You appear to have omitted an initial condition (perhaps y(0) = 1) from your problem; otherwise '2' should instead be an arbitrary constant.

9. Sep 26, 2014

### ehild

What is v+1 divided by (v+1)???????
ehild

10. Sep 26, 2014

### _N3WTON_

nvm

11. Sep 26, 2014

### _N3WTON_

12. Sep 26, 2014

### Orodruin

Staff Emeritus
You seem to have assumed that $v'/(v+1) = 0$. This is not the case so I suggest you recheck that algebra.

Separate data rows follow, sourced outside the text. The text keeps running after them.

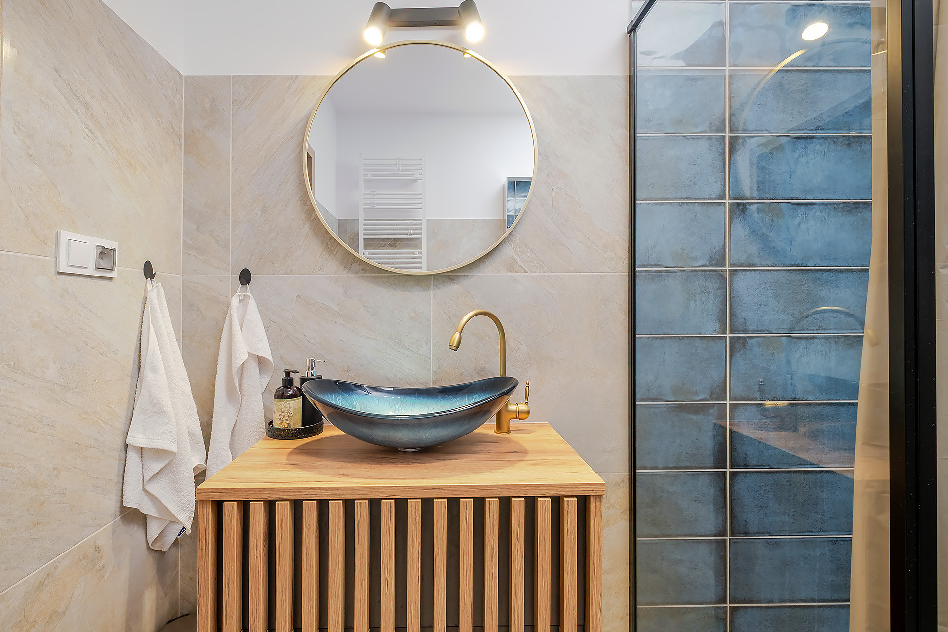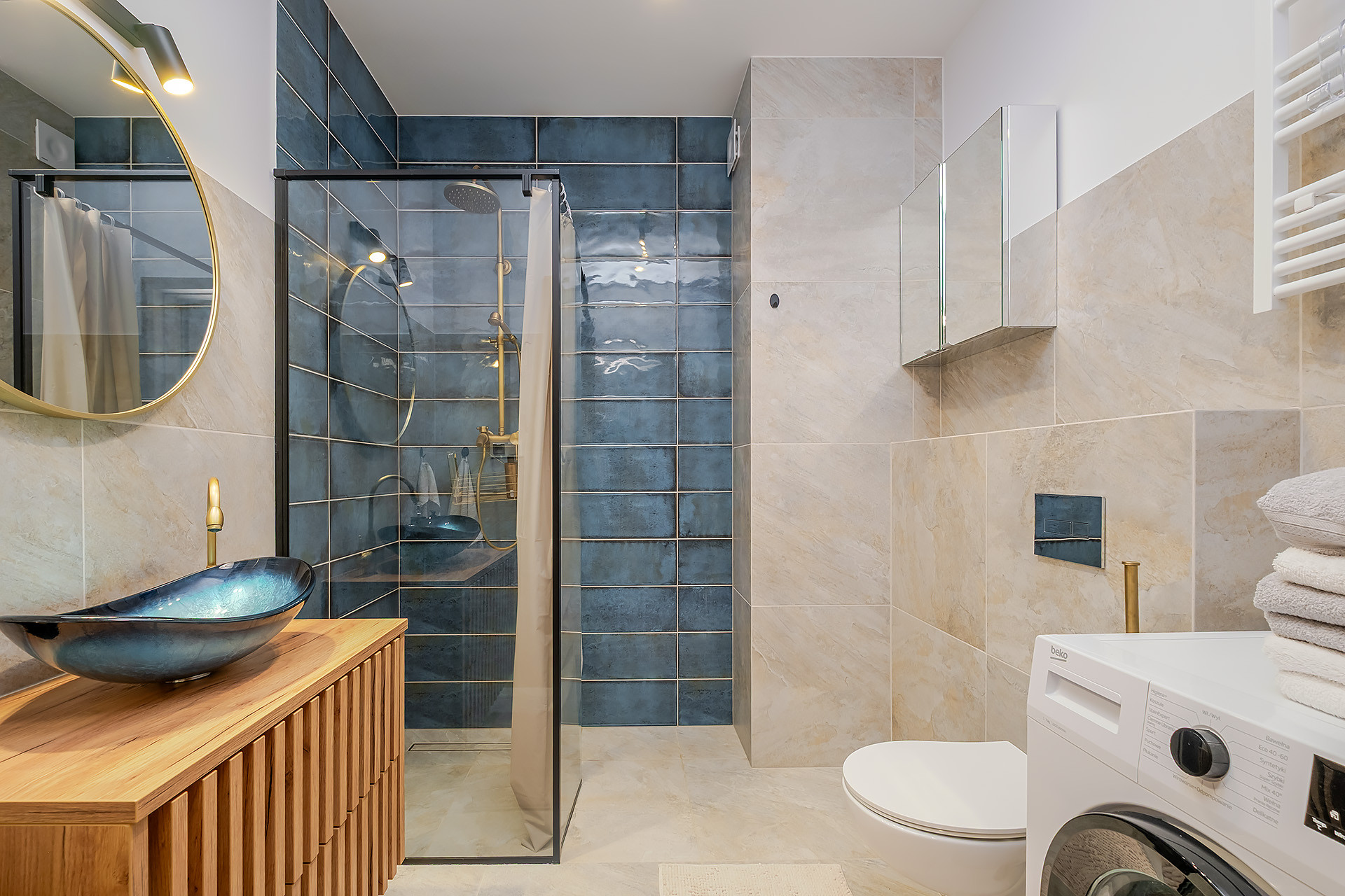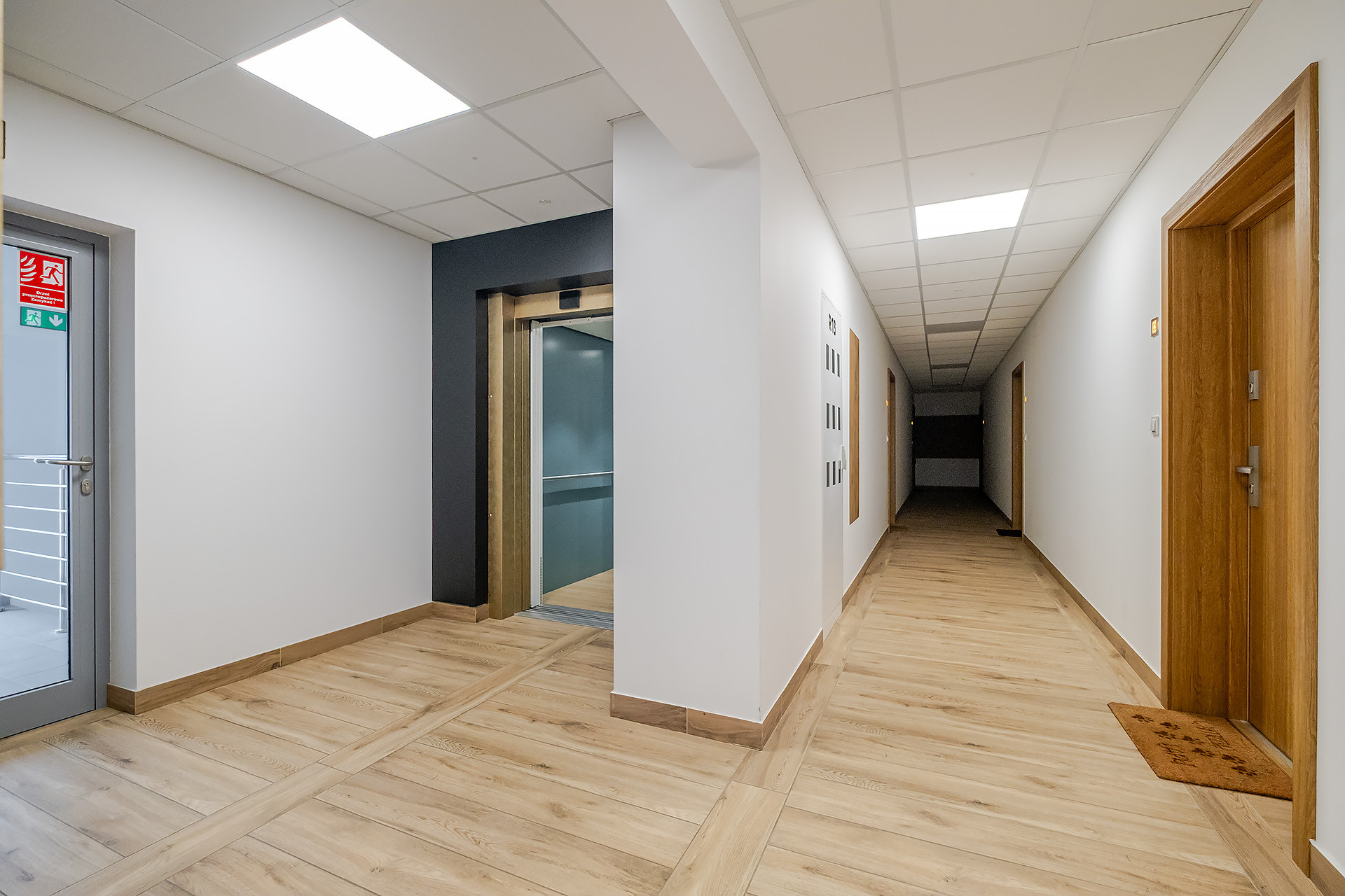 Mieszkanie wykończone jest w wysokim standardzie, z meblami w zabudowie wykonanymi na wymiar przez stolarza oraz wyposażone w klimatyzacją. Na podłodze w pokojach i holu znajduje się drewniana deska, a kuchnia jest w pełni wyposażona w sprzęt AGD (piekarnik, okap, płyta indukcyjna, lodówka, zmywarka).
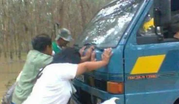 图里这姿势叫推错位,几个人憋着劲却顶在车玻璃上,隔着屏幕都替他们胳膊酸,朋友笑我说你别笑太早,你小时候也干过,用劲用在不该用的地儿,活也没干成,倒把自己累个够。
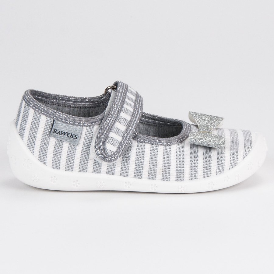 Moderne i praktične papuče za djevojčice iz Raweksa. Prednjica je ukrašena šarmantnom, sjajnom srebrnom mašnom, koja cipelama daje elegantan karakter. Velcro kopčanje omogućuje djetetu brzo i samostalno obuvanje, a kožni umeci osiguravaju udobnost i bolju cirkulaciju zraka tijekom nošenja. Izrađene od tkanine, savršene su za svakodnevnu upotrebu i kao nadopuna elegantnijoj odjeći.
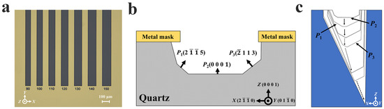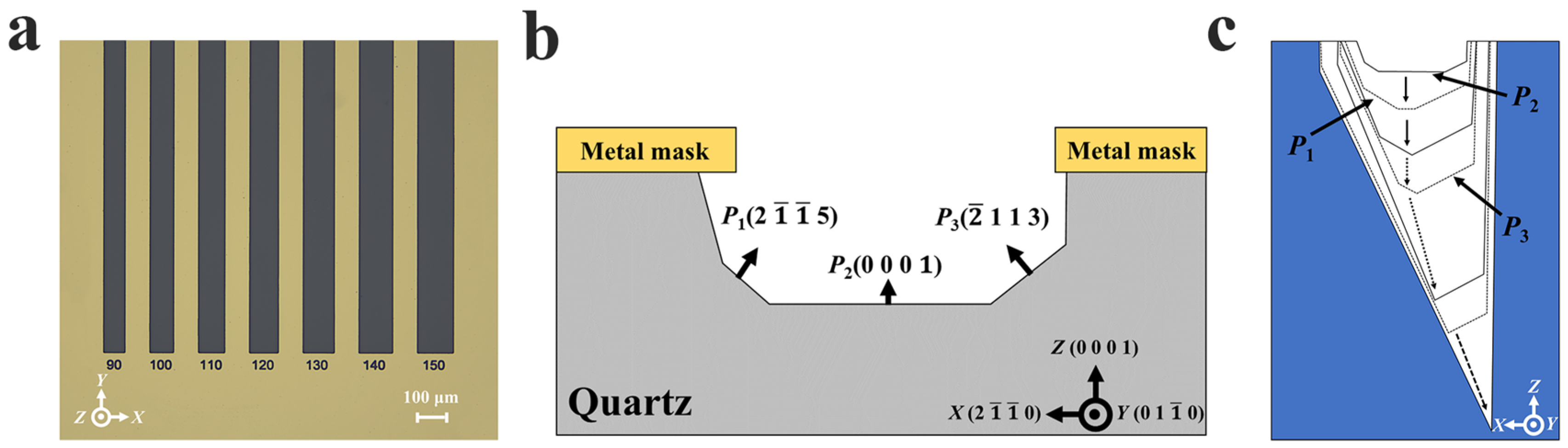 To address the miniaturization requirement of QMEMS devices, this study designed a series of ultra-narrow hard mask patterns to investigate the etching morphology evolution of quartz crystal. The initial long-strip patterns had a width ranging from 10 μm to 150 μm (Figure 4a). The strips measured 1 mm in length, were spaced 500 μm apart, and were aligned along the Y-direction.
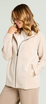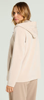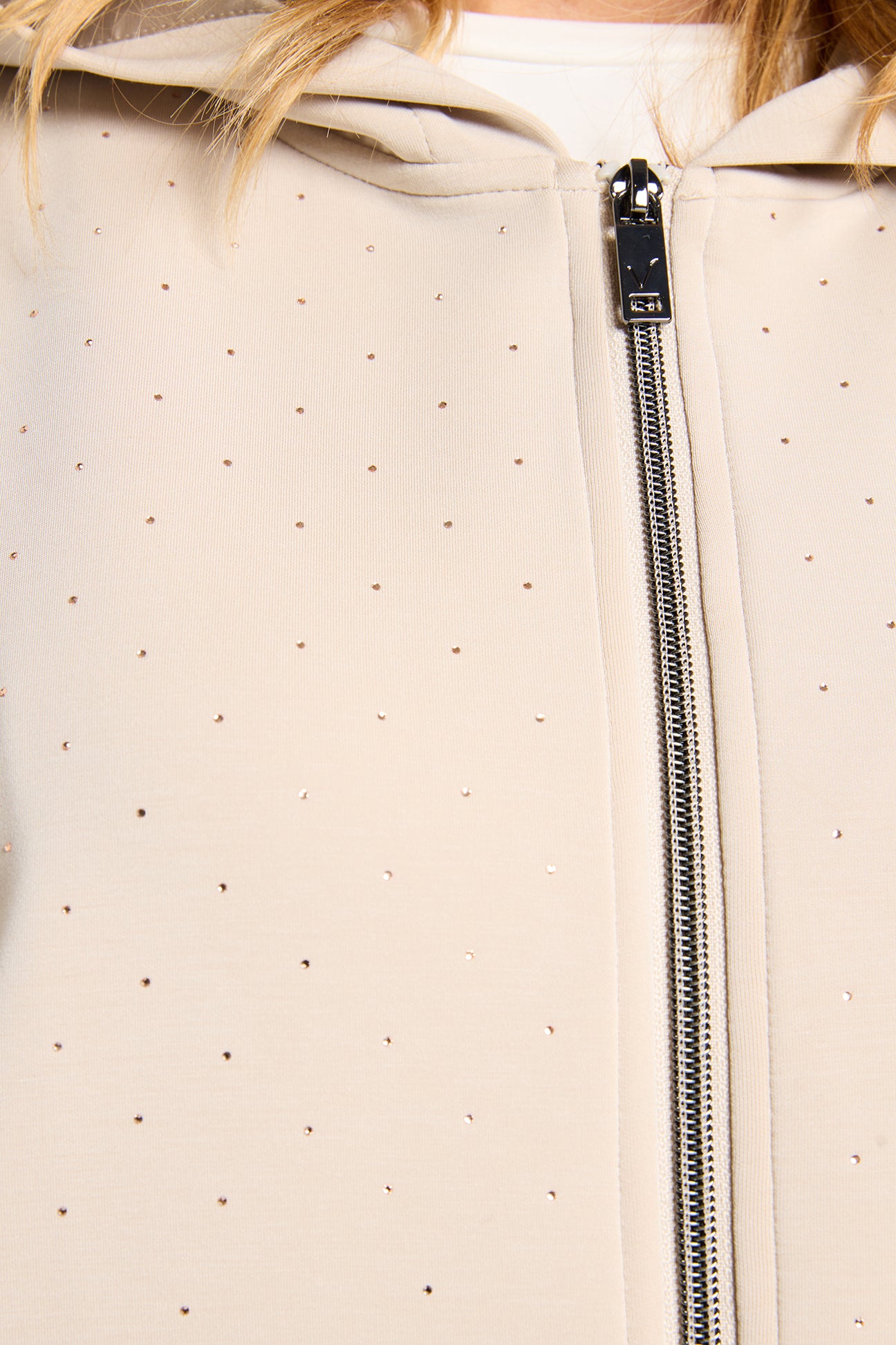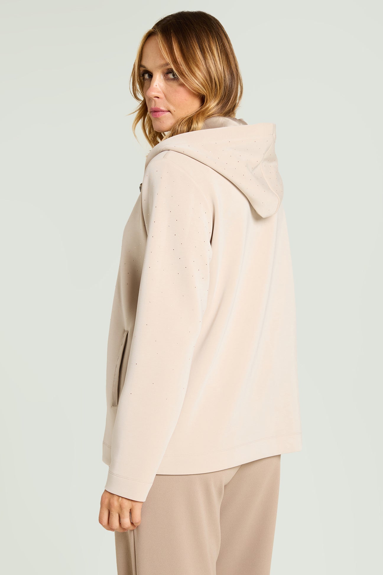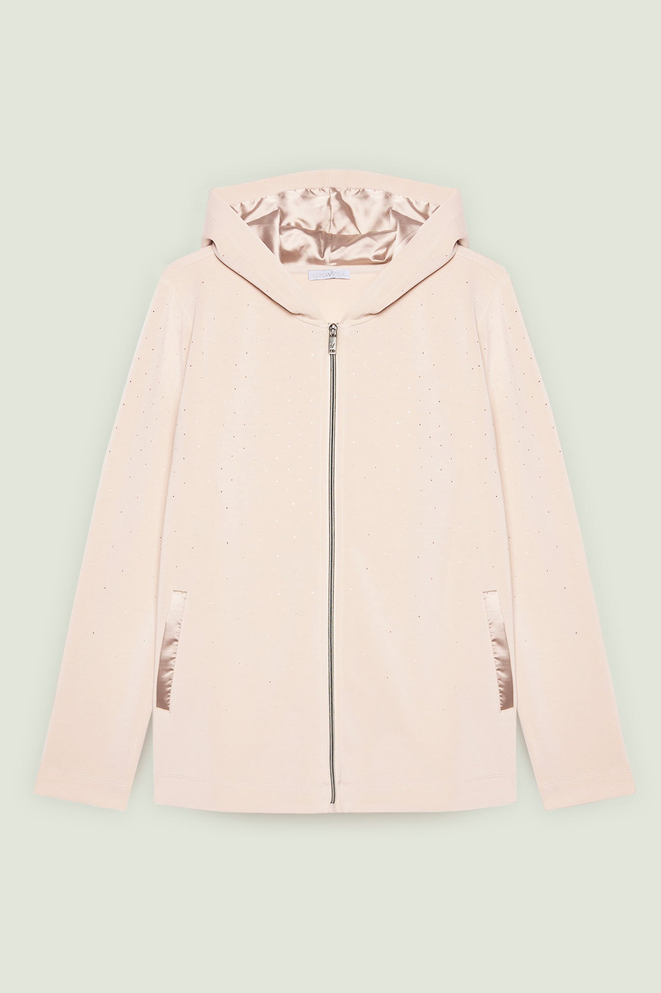 Felpa realizzata in un jersey scuba elasticizzato dalla mano calda e dalla caduta fluida, con una pioggia di microstrass tono su tono. Cappuccio, chiusura con zip, tasche a filetto. Particolari in raso. Tiretto in metallo con finitura gunmetal, personalizzato con il logo "V" di Luisa Viola.
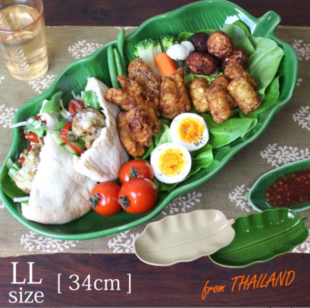 バナナリーフの中皿 28cm M タイ食器 セラドン焼き や雑貨の専門店ゆるんふる。
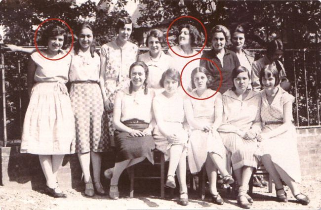 De gauche à droite: Jeanne, Lucie et Madeleine au cours Janné (~1928).
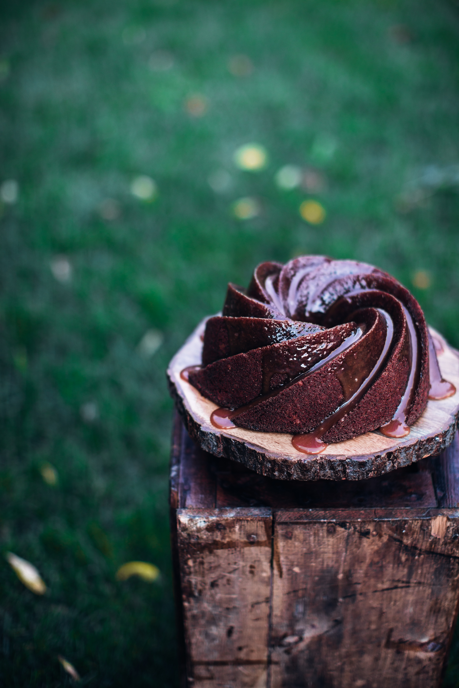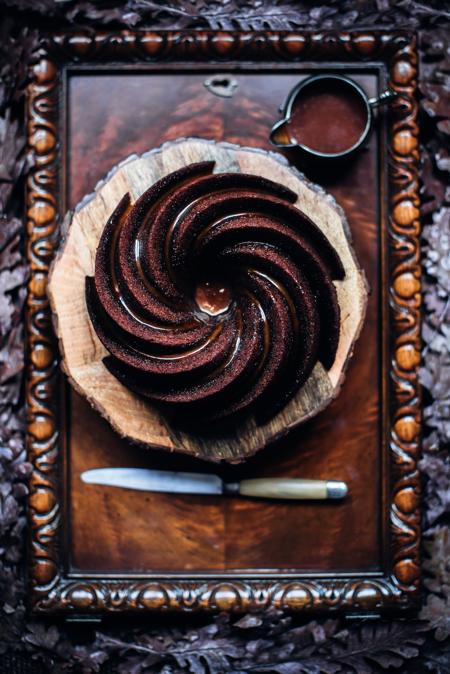 Spiced Rum, Date, Walnut, Molasses Bundt Cake with Rum Caramel Drizzle

Another option is to find a particular solution (there is a fairly obvious one) and then add the solution to the homogeneous equation to that (which works since the ODE is linear).

13. Sep 26, 2014

### _N3WTON_

you're right, I do apologize for that....I'll make the edit now

14. Sep 26, 2014

### _N3WTON_

ok, I see the mistake now...thank you

15. Sep 26, 2014

### pasmith

You are integrating both sides with respect to $x$. It is crucial to state what variable you are integrating with respect to, because shortly you will use substitution to change $\int \frac{v'}{v +1}\,dx$ into an integral with respect to $v$.

16. Sep 26, 2014

### _N3WTON_

thank you, so here is my second attempt:
$\int\frac{v'}{v+1} dx = \int dx$
$ln(v+1) = x + C$
$v+1 = e^x + C$
$x + y = e^x + C$

17. Sep 26, 2014

### ehild

the last line is wrong. It should be $v+1 = e^{x + C}$ instead.

18. Sep 26, 2014

### _N3WTON_

thank you....

19. Sep 26, 2014

### Ray Vickson

In your example, is it not the case that $f(x) = -1$ and $g(x) = x$?

20. Sep 26, 2014

### ehild

And $v+1 = e^{x + C} = Ae^x$ . The constants C or A depend on the initial condition.

ehild

21. Sep 26, 2014

### _N3WTON_

ok, the initial condition was f(0) = 1...you arrived at that answer just by bringing the constant C in front of the exponential?

Last edited: Sep 26, 2014
22. Sep 26, 2014

### _N3WTON_

ok so if i were to use the integrating factor method I would set:
$p(x) = -1$ ?
I'm still a bit confused about how I could do this problem using integrating factor method...I understand how to use separation of variables..

23. Sep 26, 2014

### Ray Vickson

There is a standard formula; just apply it to your problem.

24. Sep 26, 2014

### ehild

You know that $e^{{x+C}}=e^C e^x$, but eC is also a constant, I denoted it by A. So v+1=y+x+1=Aex.. Applying the condition y(0)=1, 1+1=A.

25. Sep 27, 2014

### Orodruin

Staff Emeritus
Just for completeness, since we have a linear ODE with constant coefficients and a polynomial inhomogeneity, we could simply have assumed a particular solution of the form $y_p = ax + b$ and arrived at $a = b = -1$ and thus $y_p = -x-1$, $y'_p = -1$. We then write $y = y_p + y_h$ where $y_h$ satisfies the homogeneous ODE $y'_h = y_h$, which I believe anyone familiar with differential equations can solve ... This approach is what I was trying to hint at in post #12.